#### PROBLEM REQUIREMENTS
Drop every picture, then transcribe the remaining data exactly.

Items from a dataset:
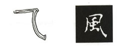 先作横,势向右上微斜,转折处提笔调锋,然后向内凹直下,再向外弯,再提笔调锋向右上出钩。有弯度,用笔宜轻重适当。
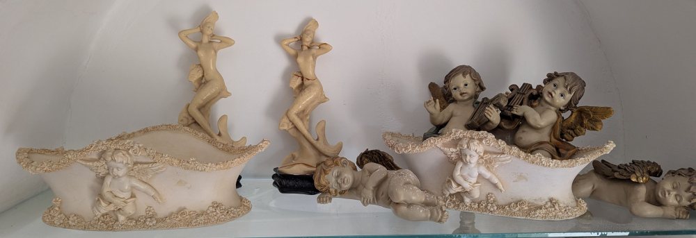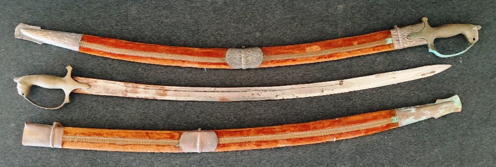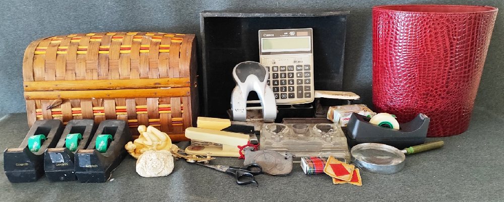 Metal napkin box, 2 bronze horses, carved wood fork & knife in case; ceremonial wood dagger, pistol lighter, etc
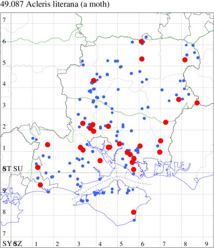 Local in woodland throughout the British Isles, but not in northern Scotland. In Hampshire and on the Isle of Wight found in mature woodland and widely distributed in such habitat. Wingspan male 19-25 mm, female 24-30 mm. The large size and distinctive olive-brown markings are characteristic of this species [Bradley]. Larva feeds on various deciduous trees and shrubs, living within a spun or rolled leaf.
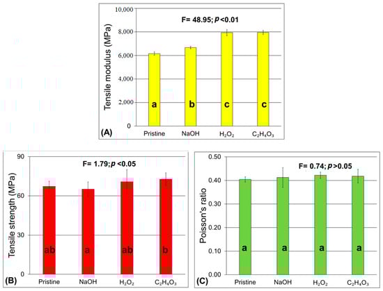 The results for the tensile strength, modulus, and Poisson ratio of the composites are presented in Figure 6. The tensile modulus increased when chemically treated jute fibers were used. When H2O2 and peracetic acid treatments were used, an increase in the rigidity of the composites was observed, and the tensile strength was comparable to NaOH-treated composites. These results could indicate that the fiber/matrix adhesion was effective until the formation of permanent mechanical damage in the composites. Sever et al. [32] studied the properties of jute fabric/polyester composites treated with sodium hydroxide and observed a marginal increase in the tensile strength for the treated fibers in comparison with untreated ones. The authors reported an increase in this property only when other treatments were used in conjunction with the alkali treatment and attributed this behavior to the added hydrophobicity promoted by additional treatments, increasing the compatibility of the fibers with the matrix.
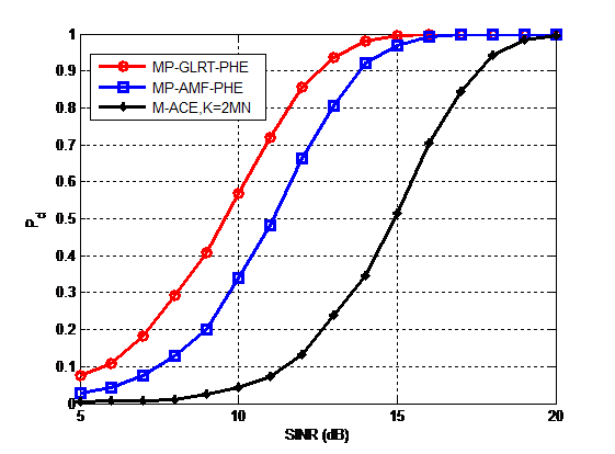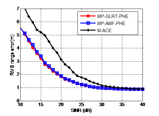 研究结果显示,MP-AMF-PHE和MP-Wald-PHE具有相同的检测统计量,二者等价;所提出的MP-GLRT-PHE、MP-AMF-PHE比现有的改进自适应相关估计器 (modified adaptive coherence estimator, M-ACE)、归一化参数AMF (normalized parametric AMF, NPAMF)和尺度不变参数化Rao (scale-invariant parametric Rao, SI-PRao)方法具有明显的性能优势(图1、2),同时它们比M-ACE具有更小的距离估计误差(图3)。
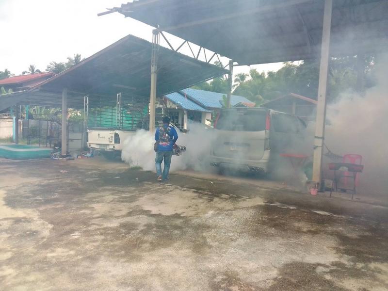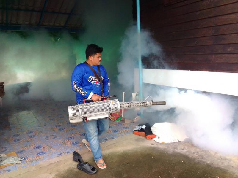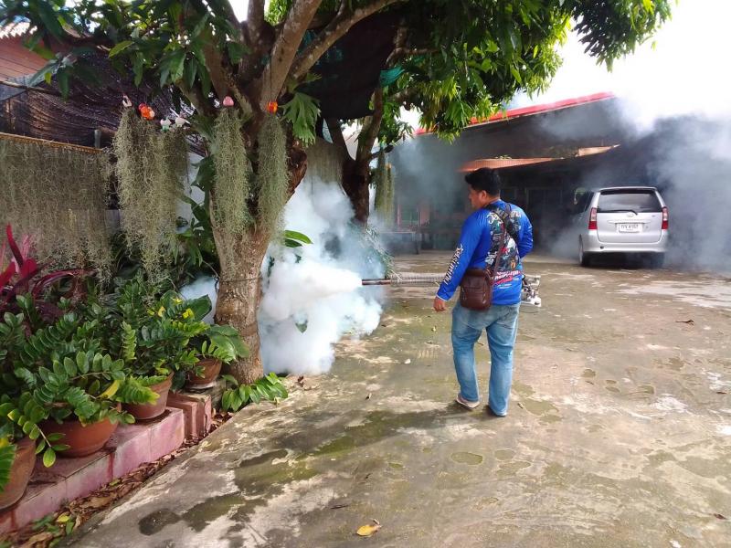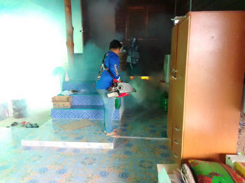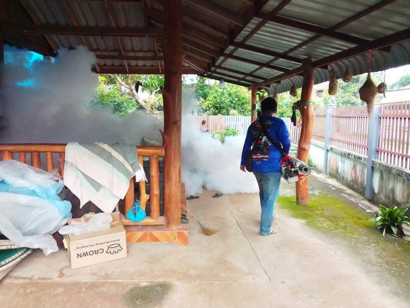 ดำเนินการพ่นหมอกควันกำจัดยุงลาย สนับสนุนให้กับเคสผู้ป่วยรายใหม่และรายเดิม ในพื้นที่หมู่ 5, 8 และ 14

#### EXERCISE SOLUTION
 先作横,势向右上微斜,转折处提笔调锋,然后向内凹直下,再向外弯,再提笔调锋向右上出钩。有弯度,用笔宜轻重适当。
 Metal napkin box, 2 bronze horses, carved wood fork & knife in case; ceremonial wood dagger, pistol lighter, etc
 Local in woodland throughout the British Isles, but not in northern Scotland. In Hampshire and on the Isle of Wight found in mature woodland and widely distributed in such habitat. Wingspan male 19-25 mm, female 24-30 mm. The large size and distinctive olive-brown markings are characteristic of this species [Bradley]. Larva feeds on various deciduous trees and shrubs, living within a spun or rolled leaf.
 The results for the tensile strength, modulus, and Poisson ratio of the composites are presented in Figure 6. The tensile modulus increased when chemically treated jute fibers were used. When H2O2 and peracetic acid treatments were used, an increase in the rigidity of the composites was observed, and the tensile strength was comparable to NaOH-treated composites. These results could indicate that the fiber/matrix adhesion was effective until the formation of permanent mechanical damage in the composites. Sever et al. [32] studied the properties of jute fabric/polyester composites treated with sodium hydroxide and observed a marginal increase in the tensile strength for the treated fibers in comparison with untreated ones. The authors reported an increase in this property only when other treatments were used in conjunction with the alkali treatment and attributed this behavior to the added hydrophobicity promoted by additional treatments, increasing the compatibility of the fibers with the matrix.
 研究结果显示,MP-AMF-PHE和MP-Wald-PHE具有相同的检测统计量,二者等价;所提出的MP-GLRT-PHE、MP-AMF-PHE比现有的改进自适应相关估计器 (modified adaptive coherence estimator, M-ACE)、归一化参数AMF (normalized parametric AMF, NPAMF)和尺度不变参数化Rao (scale-invariant parametric Rao, SI-PRao)方法具有明显的性能优势(图1、2),同时它们比M-ACE具有更小的距离估计误差(图3)。
 ดำเนินการพ่นหมอกควันกำจัดยุงลาย สนับสนุนให้กับเคสผู้ป่วยรายใหม่และรายเดิม ในพื้นที่หมู่ 5, 8 และ 14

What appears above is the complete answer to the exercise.